Indriaswati Dyah dari ELSAM menyatakan bahwa konsep human-in-the-loop atau adanya peran manusia pada setiap tahap siklus AI, mulai dari pembuatan sampai dengan implementasinya, mesti menjadi pedoman pokok. Dia berpendapat bahwa posisi Indonesia yang merupakan pemakai teknologi bukan produsennya membuat penanganan Hak Asasi Manusia dalam bidang ini kian vital. “Masih sedikitnya kesadaran terkait ancaman potensial AI untuk memperkuat ketidaksetARAan dan diskriminasi,” katanya sambil menekankan betapa diperlukannya kerjasama lintas sektor diluar lingkup pemerintahan.
Sedangkan panel ketiga menyoroti pendidikan sebagai fondasi ekosistem AI yang beretika dan berkelanjutan. Henke Yunkins dari Indonesia AI Society mengungkap bahwa AI bukan dirancang untuk jujur, tetapi untuk terdengar meyakinkan. Ia menekankan pentingnya empat komponen dalam pendidikan AI: literasi dasar, eksperimen, sosial-emosional, dan hasil pembelajaran yang lebih bermakna. “Pendidikan bukan soal mengejar teknologi saja, tetapi membentuk manusia. Manusia yang harus menentukan arah perkembangan AI itu sendiri,” ujarnya.
Andy Ardian dari ECPAT Indonesia memperingatkan dampak AI terhadap privasi anak, terutama ketika anak-anak mulai berinteraksi dengan chatbot berbasis AI. Ia menyoroti risiko bias data yang bisa memperkuat stereotip sosial serta ketergantungan teknologi yang menggerus kemampuan berpikir kritis anak-anak.
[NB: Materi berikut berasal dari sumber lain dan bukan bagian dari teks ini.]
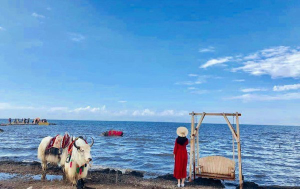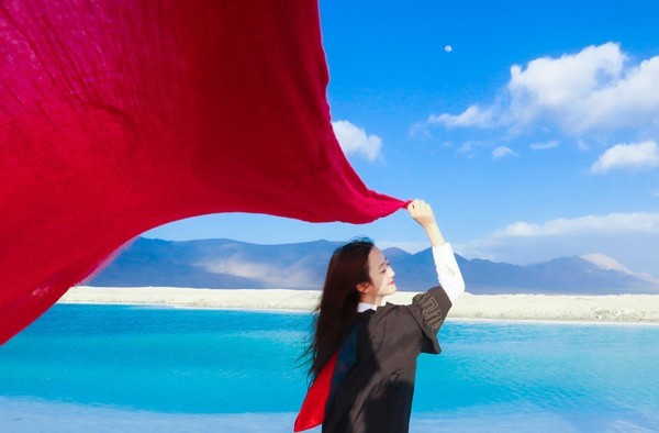 第一天:主要景点是青海湖,蓝似宝石的青海湖给它搭配一条白色或红色的裙子是最好看的,不仅如此,身着红、白色裙子徜徉在油菜花中也是最相宜的呢
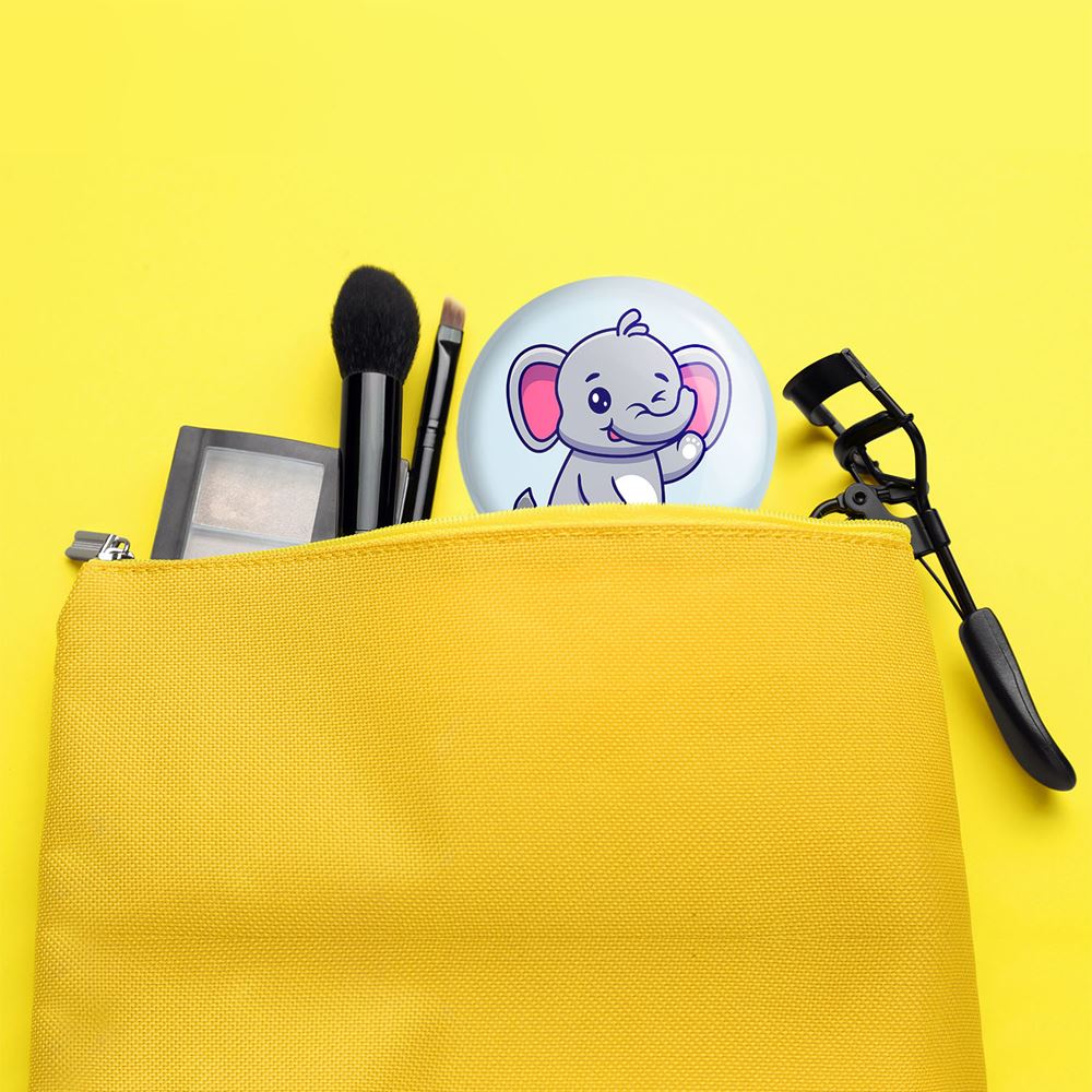 آینه های جیبی فیل کوچولو خندالو دایره ای به قطر 7.5 سانتی متر می باشد که نه خیلی بزرگ و غیر قابل استفاده در کیف آرایشی ست و نه خیلی کوچک که تصویر خاصی در آن مشاهده نشود. سایزی استاندارد و کارآمد دارد و مناسب قرار گیری در کیف لوازم آرایش و کیف های کوچک دستی نیز هست.

Sementara itu, Narenda Wicaksono dari Dicoding menekankan perlunya keterlibatan industri dalam menyusun kurikulum yang relevan. “Setelah tahu dan bisa, harus ada keinginan juga dalam menjadi bagian dari perkembangan teknologi ini,” tuturnya.
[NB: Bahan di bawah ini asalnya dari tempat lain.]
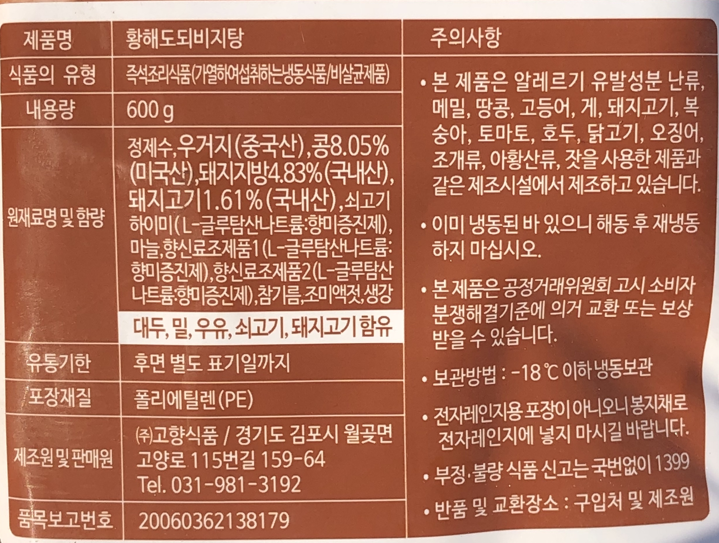 옛맛 되비지탕 600g 콩비지 이미지
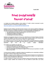 Communiqué Solidaires Fonction publique - Prime exceptionnelle pouvoir d'achat

Diena Haryana dari SEJIWA Foundation menyatakan tambahan bahwa kemampuan fizikal, sosial, serta rohani anak perlu dipersiapkan terlebih dahulu sebelum mereka diperkenalkan dengan kecerdasan buatan (AI). Dia menebarkan pesan penting, “Kecerdasan buatan tak patut merengkahkan waktu bermain dan penjelajahan si anak.” Teknologi dapat dijadikan sarana pembantu namun jangan sampai menciderai perkembangan pertumbuhan mereka. Dalam hal ini guru juga memerlukan pemberdayaan sementara penggunaan teknologi semestinya hanya sebagai media, bukan tujuan utama dalam dunia pendidikan.
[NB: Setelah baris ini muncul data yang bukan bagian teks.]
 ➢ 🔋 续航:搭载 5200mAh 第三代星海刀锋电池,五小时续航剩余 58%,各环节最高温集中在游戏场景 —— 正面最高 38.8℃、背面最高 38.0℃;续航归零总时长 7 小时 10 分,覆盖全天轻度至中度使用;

Menuju Ekosistem AI Indonesia yang Inklusif dan Berdaulat
Melalui tiga sesi panel yang merepresentasikan perspektif akademisi, masyarakat sipil, dan pelaku industri, webinar ini menandai pentingnya pendekatan kolaboratif dalam membangun ekosistem AI nasional yang inklusif dan berkeadilan. STEI ITB menegaskan komitmennya untuk tidak hanya mengembangkan teknologi, tetapi juga nilai dan prinsip yang menopang penggunaannya. Dengan menjadikan manusia sebagai pusat dan tujuan dari inovasi, Indonesia diharapkan mampu menavigasi transformasi digital secara berdaulat, bermartabat, dan berlandaskan nilai-nilai kemanusiaa.